§ **Work to complete**
Would you return the lines that run from the start of the data below to the line with "Abb. 4: Bassia", both included, exactly as written and without pictures?

Stored data entries:
- Opening Delimiter -

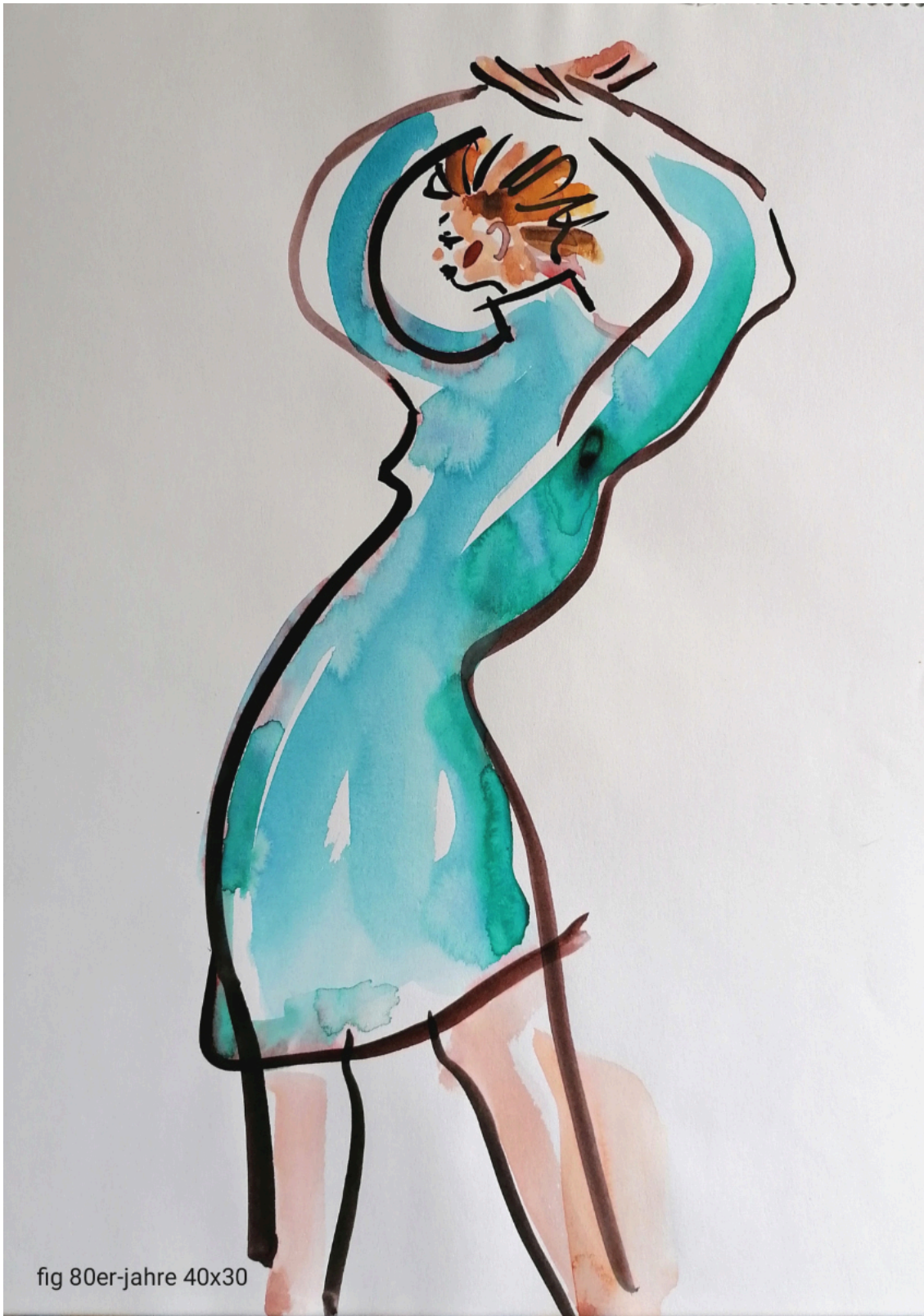
fig 80er-jahre 40x30
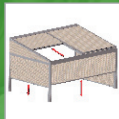
BASIS + windvaste, afsluitbare voorzijde en zijkanten

Door het gebruik van de RENSON® Fixscreen®-technologie, in combinatie met de realisatie van een optimale doekspanning , kan het neerslagwater dat op het doek terecht komt, via verborgen geleidingskanalen afgevoerd worden. Door deze geïntegreerde waterafvoer kan zelfs wanneer het doek van de zonwering niet volledig uitgerold is, toch alle neerslagwater die op het doek terecht komt, afgevoerd worden.
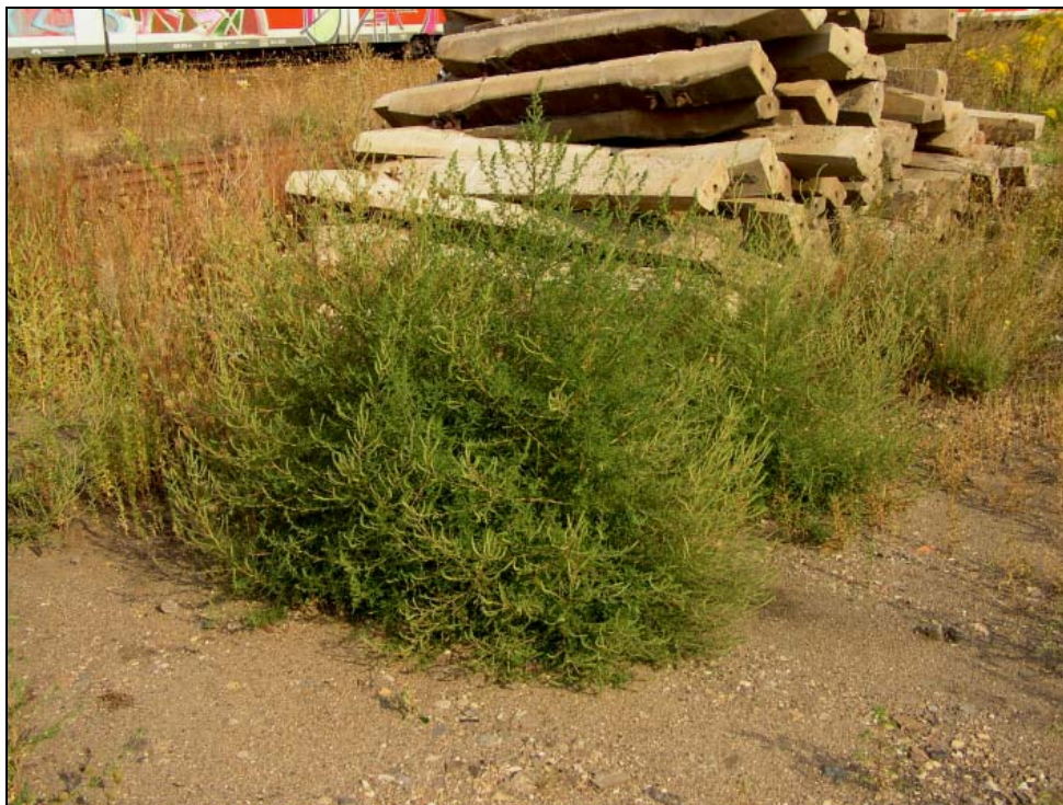
Abb. 4: Bassia scoparia ssp. densiflora um einen Haufen von Betonschwellen.
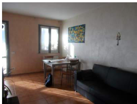
74. Zona pranzo nel soggiorno
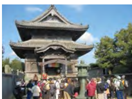
在大師開創的修行之道中與同伴們一齊潛心巡禮,尋找堅韌的勇氣和堅持過後的精彩。

- Closing Delimiter -

§ **Solution for this exercise**
fig 80er-jahre 40x30
BASIS + windvaste, afsluitbare voorzijde en zijkanten

Door het gebruik van de RENSON® Fixscreen®-technologie, in combinatie met de realisatie van een optimale doekspanning , kan het neerslagwater dat op het doek terecht komt, via verborgen geleidingskanalen afgevoerd worden. Door deze geïntegreerde waterafvoer kan zelfs wanneer het doek van de zonwering niet volledig uitgerold is, toch alle neerslagwater die op het doek terecht komt, afgevoerd worden.
Abb. 4: Bassia scoparia ssp. densiflora um einen Haufen von Betonschwellen.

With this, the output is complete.